Тем временем, посовещавшись, врачи решили везти Багратиона в Москву, чтобы уже там, оказать ему более квалифицированную медицинскую помощь.
Мы вместе с адъютантом Андреем Голицыным перенесли князя в коляску. Меня он не узнал. На скамью кинули бурку и несколько шинелей, чтобы страдальцу было помягче. Багратион, когда его переносили, был все еще в забытьи. Помимо генерала в коляску сели доктор Говоров со своим саквояжем и еще какой-то неизвестный мне лекарь. Мы с Голицыным решили сопровождать коляску верхами.
Когда Багратиона усаживали в коляску, он, приоткрыв глаза и, узнав меня, разлепил спекшиеся губы:
– Как резервы, подходят?
– Так точно, ваше сиятельство! Уже подошли и вступили в бой Лейб-гвардии Измайловский, Литовский и Финляндский полки, три полка первой кирасирской дивизии и две батарейные роты гвардейской артиллерии.
– Славно! – прошептал Багратион и закрыл глаза.
– Трогай! – крикнул я кучеру, и коляска поехала.
Вдоль обочины ковыляли раненные.
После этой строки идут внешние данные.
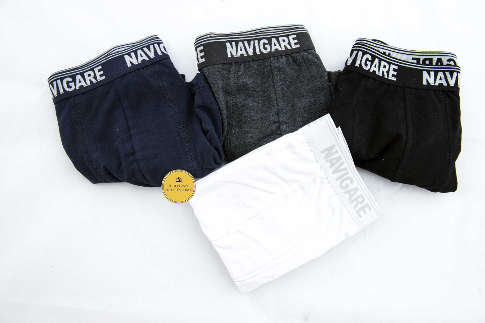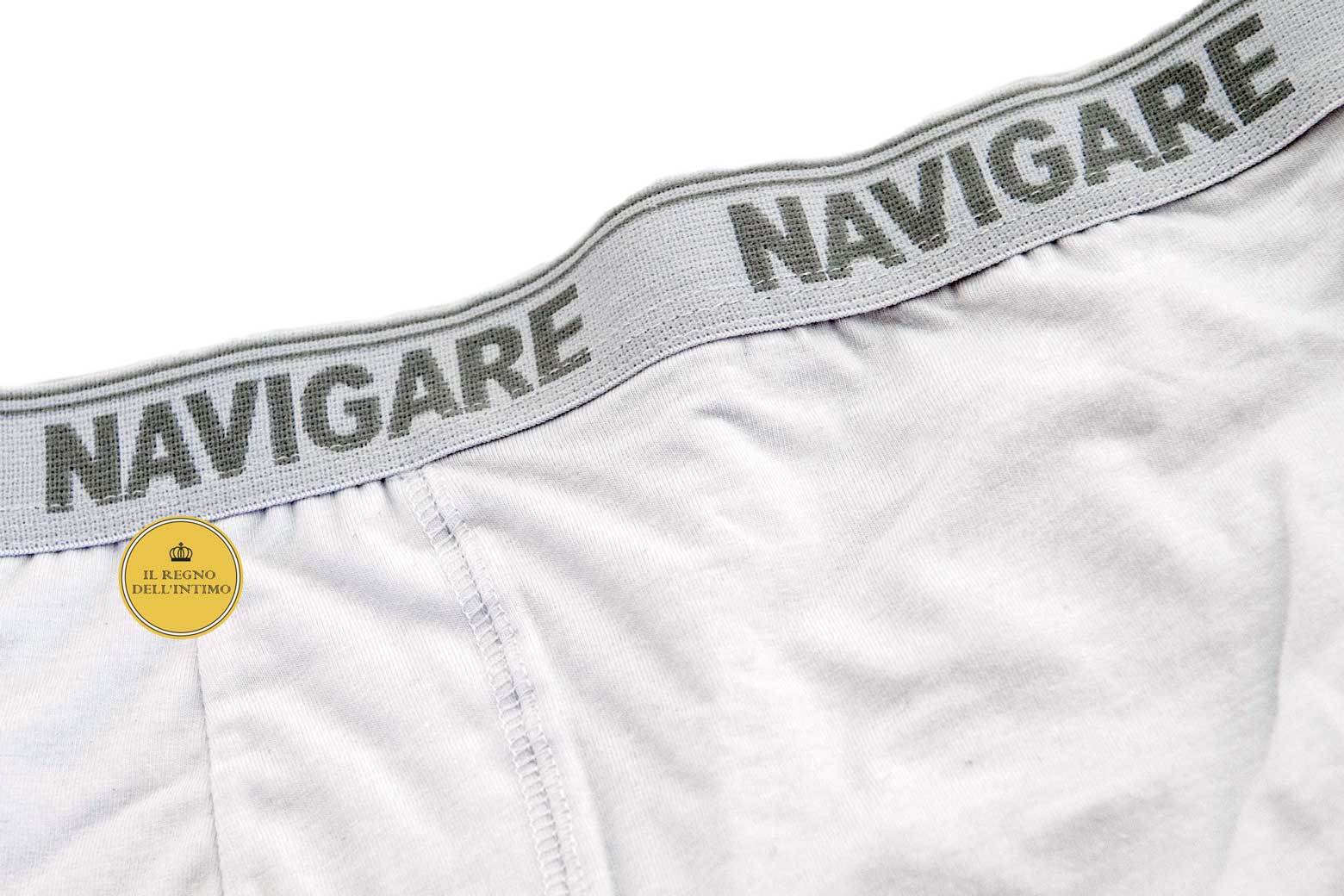 Boxer Navigare uomo realizzato in morbido cotone bielastico con elastico esterno logato. Dei colori grigio e blu il massimo acquistabile è di pezzi.5 per colore. Disponibile in quattro colori: Nero Bianco Grigio Blu
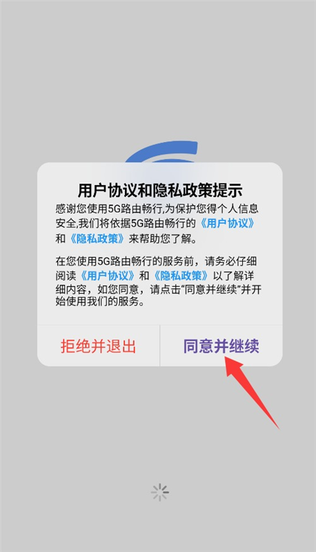 首次启动应用时,需阅读并同意探测协议条款,点击同意并继续”后方可进入登录界面。
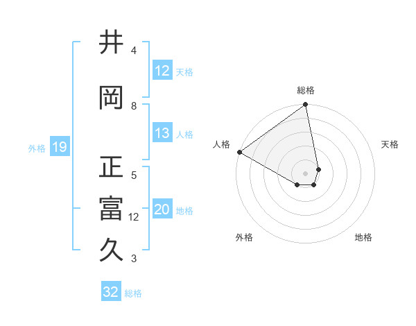 井岡 正富久さんの総格は32画の5点!
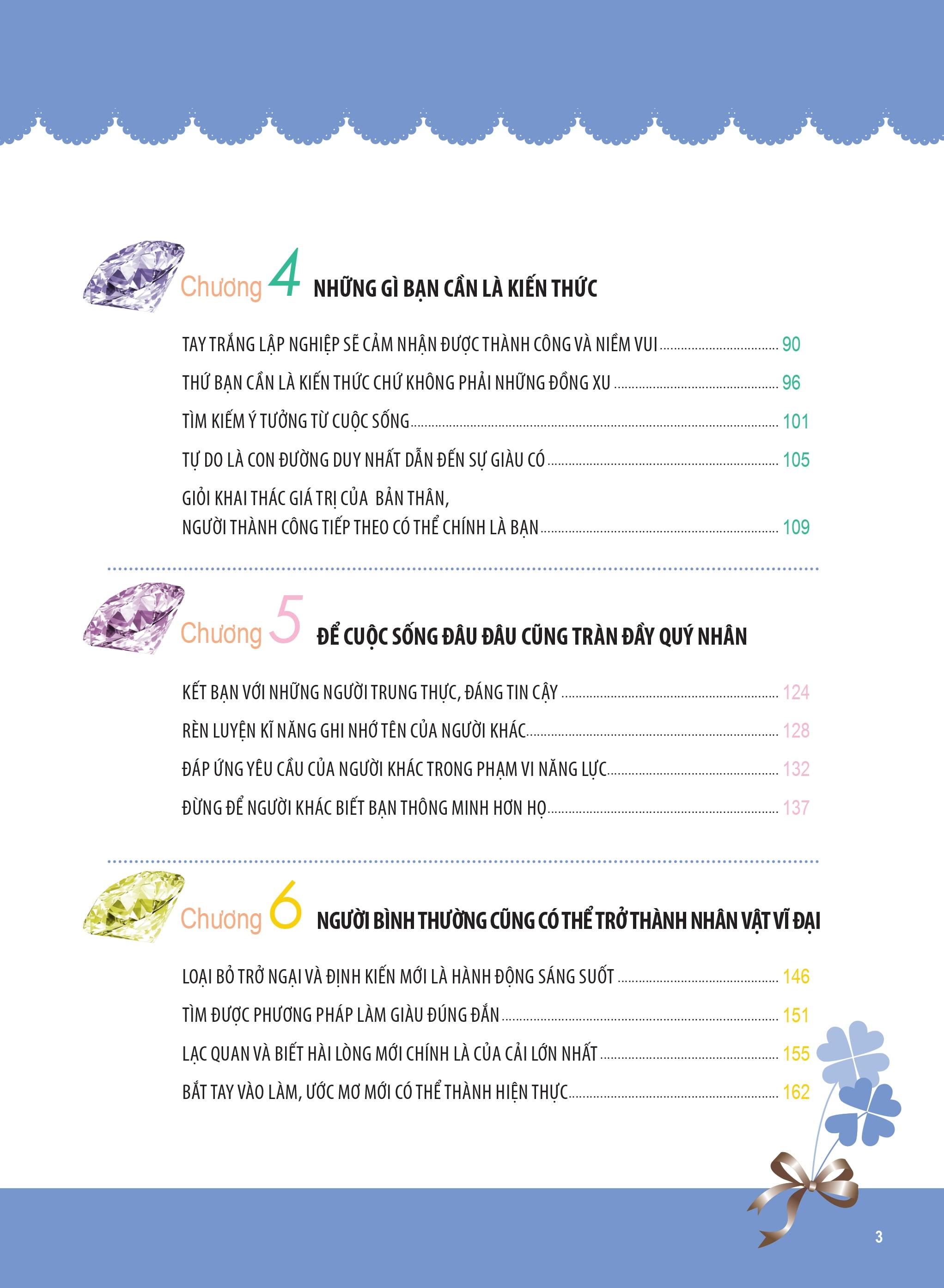 Nội dung của chương đề cao mối quan hệ giữa con người với nhau trong cuộc sống. Để có thể gặp được quý nhân mọi lúc và mọi nơi, đương nhiên bạn cần thay đổi chính bản thân mình và điều chỉnh thái độ sống phù hợp nhất. Hãy kết bạn với những người trung thực, đáng tin cậy, đó sẽ là những người bạn hoàn toàn có thể tin tưởng và không gây bất cứ tổn hại nào cho bạn. Một thói quen tốt để có được thiện cảm của mọi người là hãy tập nhớ tên người khác, điều đó sẽ gây được thiện cảm tốt bất ngờ mà chính bạn cũng không tưởng tượng được. Hãy khéo léo trong giao tiếp hàng ngày, thể hiện bản thân chừng mực vừa phải, chắc chắn bạn sẽ gặp được quý nhân trong mọi việc.
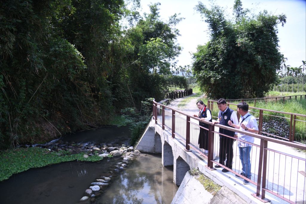 縣長徐榛蔚首先至「大華大全排水生態景觀池水環境改善工程」現場,關切目前最新工程進度及巡視周邊環境,以及是否落實規劃設計,同時釐清各工程權責單位,確立步道之維護管理,期許工程如期如質順利完工,確保排洪功能,透過加強工程建設為地方造福。徐榛蔚接續視察「無尾溪排水第三期治理工程(1K+456至1K+702段)進度,工程預計今(114)年完工,並新建源城四號橋、五號橋,增加拓寬通水斷面,大幅增加排水能力,為居民創造宜居友善的生活環境。

Кто-то помогал товарищам, кто-то, выбившись из сил, падал на землю. Через последних просто переступали.
– Павел Андреевич! Павел Андреевич! Слава Богу, что вы живы!
Я обернулся. Мне махал рукой, перепачканный гарью флотский лейтенант. Ясно, что это был офицер гвардейского флотского экипажа, прекрасно меня (а вернее, моего прапрапрадеда) знавший. Но кто он такой и как мне себя с ним вести? Подумав, я решил действовать напрямую. Придержав поводья, улыбнулся:
– Здравствуйте, лейтенант! Простите, но после контузии я с трудом вообще что-то сейчас соображаю и понимаю, потому и направлен сопровождать раненного князя Багратиона в тыл. Еще раз простите за контузию, но кто вы такой?
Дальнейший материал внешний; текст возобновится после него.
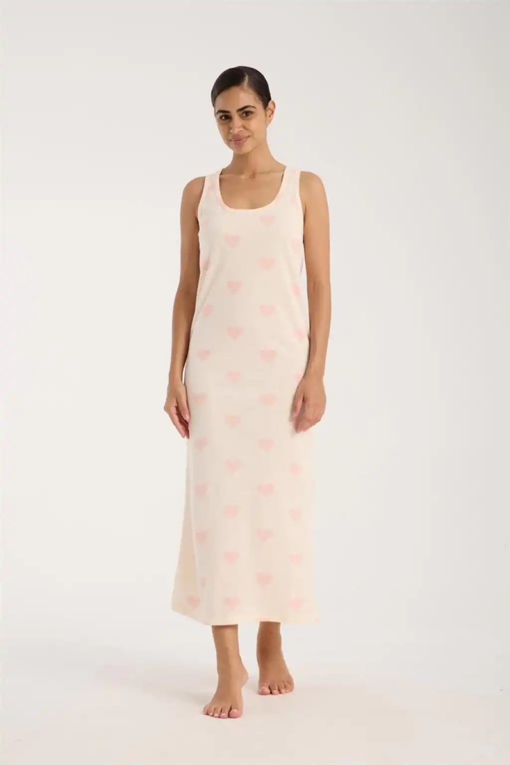 Çamaşır Kenti'nin şık tasarımlı Kadın Kalın Askılı Yırtmaçlı Uzun Pudra Geceliği, konforu ve şıklığı bir arada sunuyor.

– Я Лист… Адам Иванович Лист! Припоминайте мы с вами третьего дня вместе в палатке у вашего братца Александра пили чай с баранками.
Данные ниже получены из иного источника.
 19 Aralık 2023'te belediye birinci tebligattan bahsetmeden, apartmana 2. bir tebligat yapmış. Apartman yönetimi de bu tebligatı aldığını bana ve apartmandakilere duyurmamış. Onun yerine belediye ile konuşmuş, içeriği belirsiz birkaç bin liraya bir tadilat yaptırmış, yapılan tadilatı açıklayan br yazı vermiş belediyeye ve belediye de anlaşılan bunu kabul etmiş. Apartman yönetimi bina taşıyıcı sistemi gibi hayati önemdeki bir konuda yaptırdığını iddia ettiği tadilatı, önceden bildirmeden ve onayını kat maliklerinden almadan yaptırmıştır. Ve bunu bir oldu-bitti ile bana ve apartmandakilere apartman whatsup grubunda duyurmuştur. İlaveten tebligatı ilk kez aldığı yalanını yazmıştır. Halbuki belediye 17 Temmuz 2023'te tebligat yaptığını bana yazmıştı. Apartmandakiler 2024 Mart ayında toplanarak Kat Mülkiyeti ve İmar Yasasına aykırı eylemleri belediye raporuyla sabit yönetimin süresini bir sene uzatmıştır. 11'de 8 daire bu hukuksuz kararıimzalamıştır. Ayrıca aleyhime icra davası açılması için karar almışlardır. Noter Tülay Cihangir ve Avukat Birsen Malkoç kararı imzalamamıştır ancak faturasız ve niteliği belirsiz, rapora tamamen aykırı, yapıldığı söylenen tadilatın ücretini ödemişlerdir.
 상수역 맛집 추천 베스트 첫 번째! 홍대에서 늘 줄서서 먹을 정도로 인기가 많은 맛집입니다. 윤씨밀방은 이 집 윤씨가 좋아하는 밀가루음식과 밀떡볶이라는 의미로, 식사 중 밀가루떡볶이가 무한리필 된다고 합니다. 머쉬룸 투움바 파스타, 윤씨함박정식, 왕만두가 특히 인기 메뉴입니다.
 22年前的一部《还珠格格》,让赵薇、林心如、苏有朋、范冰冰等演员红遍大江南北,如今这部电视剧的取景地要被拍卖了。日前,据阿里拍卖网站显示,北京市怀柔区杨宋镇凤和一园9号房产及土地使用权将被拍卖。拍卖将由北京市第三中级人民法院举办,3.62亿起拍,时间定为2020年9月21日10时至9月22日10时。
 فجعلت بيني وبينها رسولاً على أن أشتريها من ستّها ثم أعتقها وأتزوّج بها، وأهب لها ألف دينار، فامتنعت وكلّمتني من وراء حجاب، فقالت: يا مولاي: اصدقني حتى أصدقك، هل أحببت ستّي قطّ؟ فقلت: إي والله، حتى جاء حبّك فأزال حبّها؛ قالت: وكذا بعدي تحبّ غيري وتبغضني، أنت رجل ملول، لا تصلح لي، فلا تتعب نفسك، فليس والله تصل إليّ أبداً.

– Да, да, что-то припоминаю.
Опана! Я же совсем забыл, что у моего прапрапрадеда был еще и младший братец Александр, который так же дрался при Бородино. Не хорошо забывать родственников!
– Ну, а как дрался наш экипаж? Большие ли потери?
– В ожидании начала боя у села Бородино мичман Лермонтов и три десятка нижних чинов находились у моста на реки Колочка, чтобы при первой потребности уничтожить мост. Когда французы у моста напали на стоявших там гвардейских егерей и те с потерями отступили. Лермонтов тот мост сжег и порушил, потеряв шестерых матросов. Я же был все время при наших пушках недалеко от вас на левом фланге, где меня и контузило. А со мной ранен еще известный вам унтер-лейтенант Киселев и семь нижних чинов. Что касается братца вашего Александра, то ни о его смерти, ни о ранении я ничего не слышал. Дай бог, живой.
– До встречи Адам Иванович! Поправляйтесь!
– До встречи, Павел Андреевич!
Подгоняя каблуками своего коня, я быстро догнал едва продвигавшуюся по забитой дороге карету. Как не стремился правивший ей казак, ехать быстрее, из этого мало что получалось. Вся дорога была запружена бредущими раненными и уходящими на Москву обозами.
Думая, что князь находится в полузабытьи, ехавшие с ним в коляске доктора начали вполголоса совещаться:
– Если не отнять ногу под коленом – антонов огонь неизбежен.
Багратион неожиданно приоткрыл глаза:
– Не дам! Без ноги – не жизнь мне!
Доктора сразу приумолкли.
Навстречу шли солдаты, но в основном ополченцы, задействованные для выноса раненных. Только через пару часов нам удалось выбраться на свободную дорогу и дело пошло веселее. За все это время Багратион не проронил ни слова, только однажды слабым голосом подозвал меня:
– Скажите, Колзаков, кто сегодня, в конце концов, одержит верх!
– Если честно, ваше превосходительство, то над итогами сражения при Бородине историки будут спорить еще, по меньшей мере, двести лет. – доложился я, свесившись с коня.
– Неужели так все сложно? – повел своей клочковатой бровью князь.
– Достаточно. Наполеон одержит сегодня определенный тактический успех, тогда как стратегическая выгода останется за нами.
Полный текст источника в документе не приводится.